ID Number: Q39154
1.00 1.10 1.11 4.20
OS/2
Summary:
This is part 2 of the SQL Server disk-space management discussion.
Part 1 of the discussion described how SQL Server acquires disk space
and how it creates databases and assigns them groups of pages.
Part 2 below covers the segmentation of global page-number space and
the relationship of the "virtual device number" (VDEVNO) and low and
high global page numbers to the database device.
More Information:
The address space for database global page numbers is segmented by
interpreting the 32-bit global page number as two separate components.
The high-order 8 bits is the VDEVNO and the remaining 24 bits is the
relative page number from the beginning of that device. This is
similar to segmented addressing schemes in operating systems that use
a segment number and offset within the segment. The following are
examples:
0x01000003 is page 3 on device 1
0x02000003 is page 3 on device 2
This is why virtual device number 1 has a starting page number of
16777216 (0x01000000 = 16777216).
The segmentation scheme allows database devices in the middle of the
global page space to be expanded without affecting the page addresses
of existing data. For example, device 1 could be initially allocated
as 2 megabytes (giving it a starting page number of 16777216 and an
ending page number of 16778240). Then, device 2 is added, also 2
megabytes in size (33554432 to 33555456). Later, it becomes necessary
to increase the size of device 1. There is no problem because each
device has a page space of 16 million pages reserved for it. This does
mean that each database device is limited to 32 gigabytes (16 million
pages times 2048 bytes per page).
The discontinuous global page space is mapped into a contiguous local
page space for each database by the entries in SYSUSAGES. Each entry
associates a contiguous block of global pages (not necessarily an
entire database device) with a range of local pages for a particular
database.
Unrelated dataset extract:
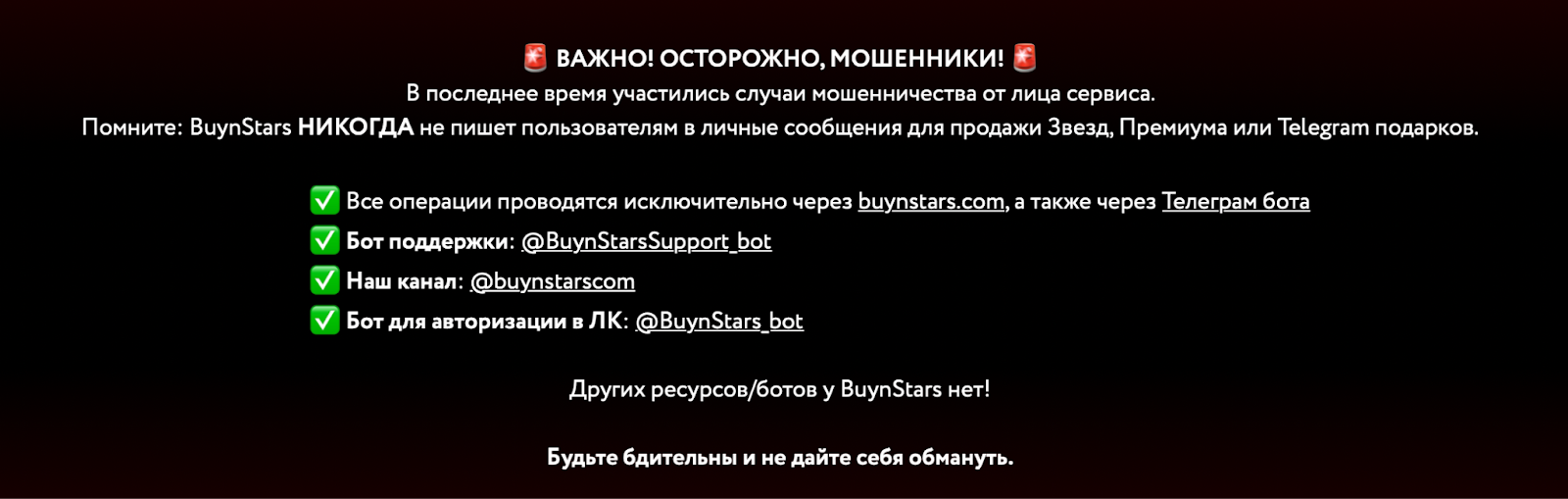 Особого внимания заслуживает дисклеймер: сервис предупреждает посетителей о мошенниках, которые якобы пытаются выдавать себя за BuynStars. Это выглядит как попытка обезопасить аудиторию и убедить ее в том, что «настоящий» сайт только один. Наличие таких предупреждений невольно наводит на мысли: если приходится так активно предостерегать от подделок, значит, проблема действительно существует.

This is done by recording the starting global page number,
the starting local page number, and the number of pages.
The local page space completely insulates each database from the
complexity of the discontinuous global page-numbering system and allows
each database to refer to its pages as though they were consecutively
numbered starting with 0. Databases are expanded by adding contiguous
blocks of pages to the end of local page space.